» PROBLEM TO WORK ON
Output exactly, and only, the stretch of lines beginning at the line with "sea un placer." and ending at the last line of the listing below. Drop the pictures.

» RECORDS SHOWN
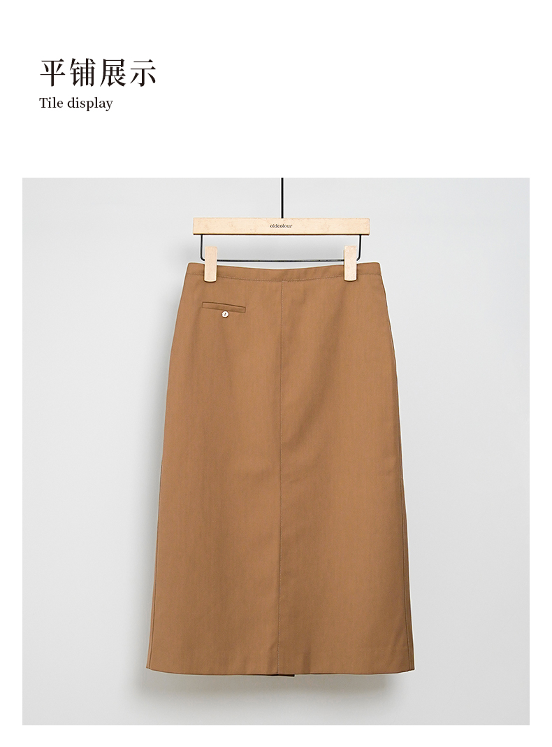 oldcolour高腰直筒显瘦包臀咖色长款半身裙GM41063907
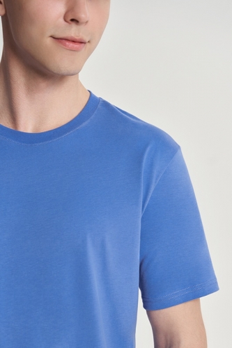 Футболка прямого силуэта. Укрепление бейкой плечевых швов и горловины спинки. Горловина из рибаны, по переду горловины отстрочка.
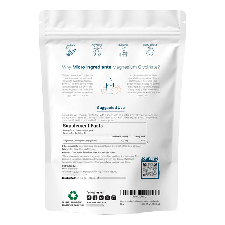 ¿Sientes fatiga constante, calambres musculares o dificultad para relajarte? El magnesio es un mineral esencial que tu cuerpo necesita para funcionar correctamente, y el Glicinato de Magnesio en Polvo es la solución más efectiva y deliciosa para reponerlo. Con un refrescante sabor a melocotón, este suplemento no solo te brinda los beneficios del magnesio, sino que también hace que su consumo sea un placer.
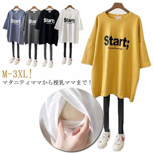 授乳服 Tシャツ 半袖 ロゴT クルーネック インナー ロゴTシャツ トップス 授乳しやすい 安心 便利 ティーシャツ チュニック 丸首 授乳服 ルームウェア ロング丈 出産準備 マタニティウェア 春 夏 授乳口 マタニティ カットソー 妊婦服 洗濯可 おしゃれ 送料無料
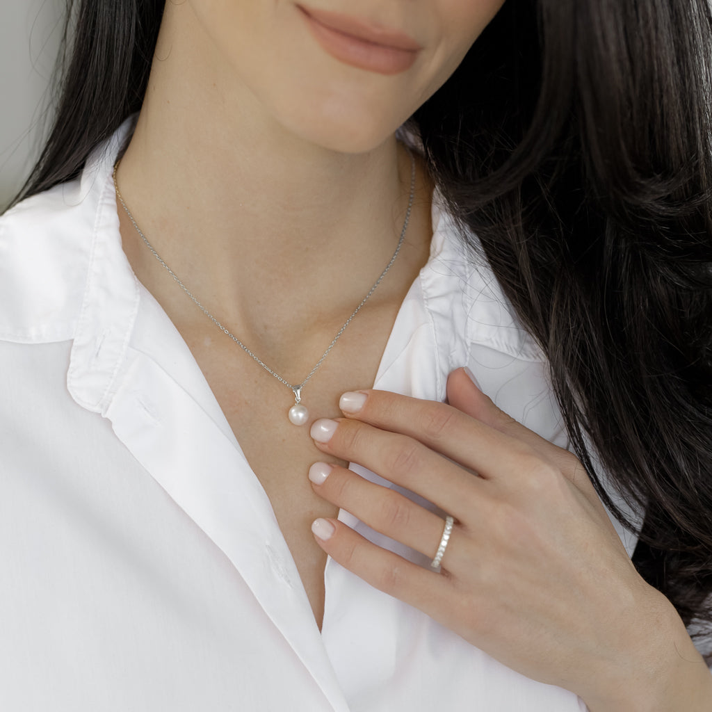 השרשרת עשויה כסף 925 וכוללת תליון פנינה אמיתית בגודל 8 מ״מ
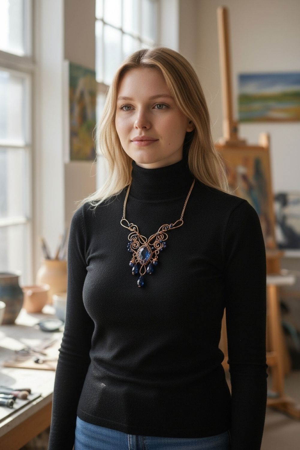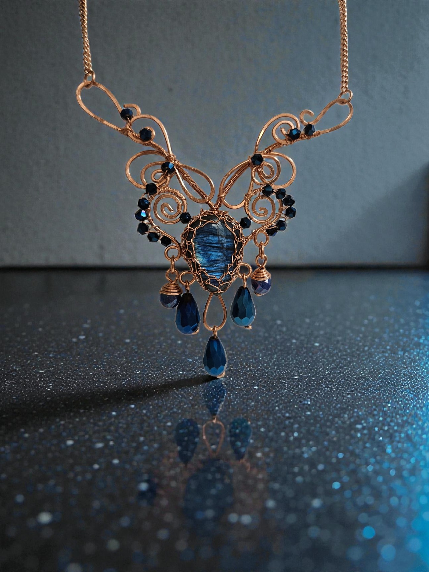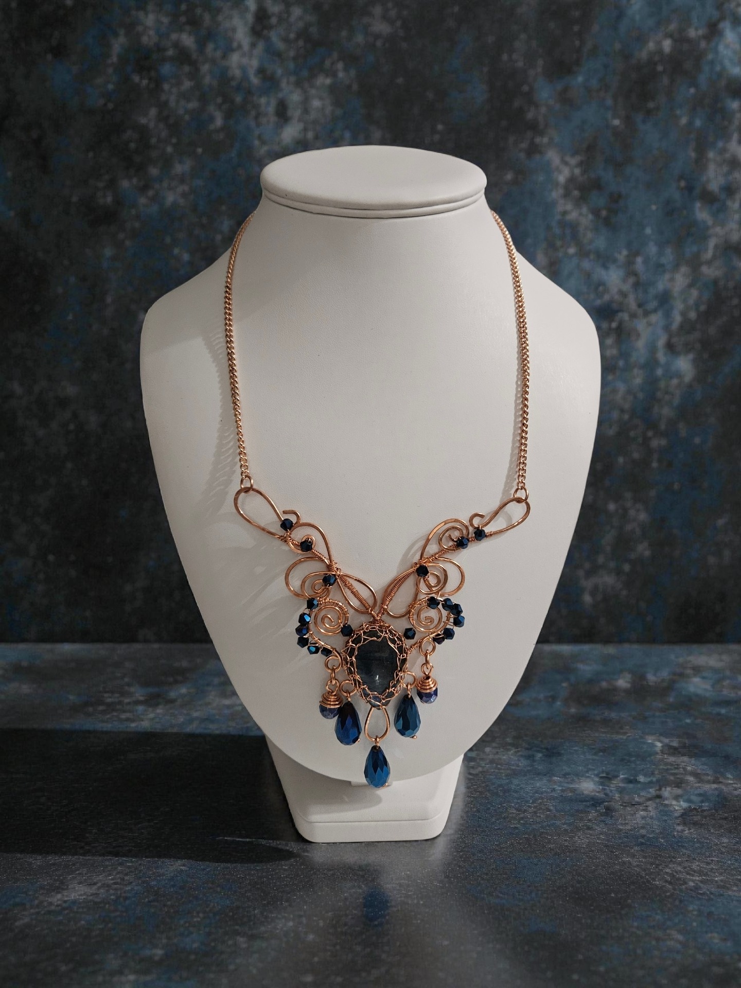 Náhrdelník je ručně vyráběný technikou wire wrapping, s bohatě zdobenými křivkami inspirovanými secesí. Měděný drát je tvarován do organických spirál a doplněn tmavě modrými broušenými korálky, které podtrhují hloubku a tajemnost centrálního kamene. Jemné kapkovité přívěsky dodávají šperku lehkost a pohyb.

» RESULT OF THIS TASK
 ¿Sientes fatiga constante, calambres musculares o dificultad para relajarte? El magnesio es un mineral esencial que tu cuerpo necesita para funcionar correctamente, y el Glicinato de Magnesio en Polvo es la solución más efectiva y deliciosa para reponerlo. Con un refrescante sabor a melocotón, este suplemento no solo te brinda los beneficios del magnesio, sino que también hace que su consumo sea un placer.
 授乳服 Tシャツ 半袖 ロゴT クルーネック インナー ロゴTシャツ トップス 授乳しやすい 安心 便利 ティーシャツ チュニック 丸首 授乳服 ルームウェア ロング丈 出産準備 マタニティウェア 春 夏 授乳口 マタニティ カットソー 妊婦服 洗濯可 おしゃれ 送料無料
 השרשרת עשויה כסף 925 וכוללת תליון פנינה אמיתית בגודל 8 מ״מ
 Náhrdelník je ručně vyráběný technikou wire wrapping, s bohatě zdobenými křivkami inspirovanými secesí. Měděný drát je tvarován do organických spirál a doplněn tmavě modrými broušenými korálky, které podtrhují hloubku a tajemnost centrálního kamene. Jemné kapkovité přívěsky dodávají šperku lehkost a pohyb.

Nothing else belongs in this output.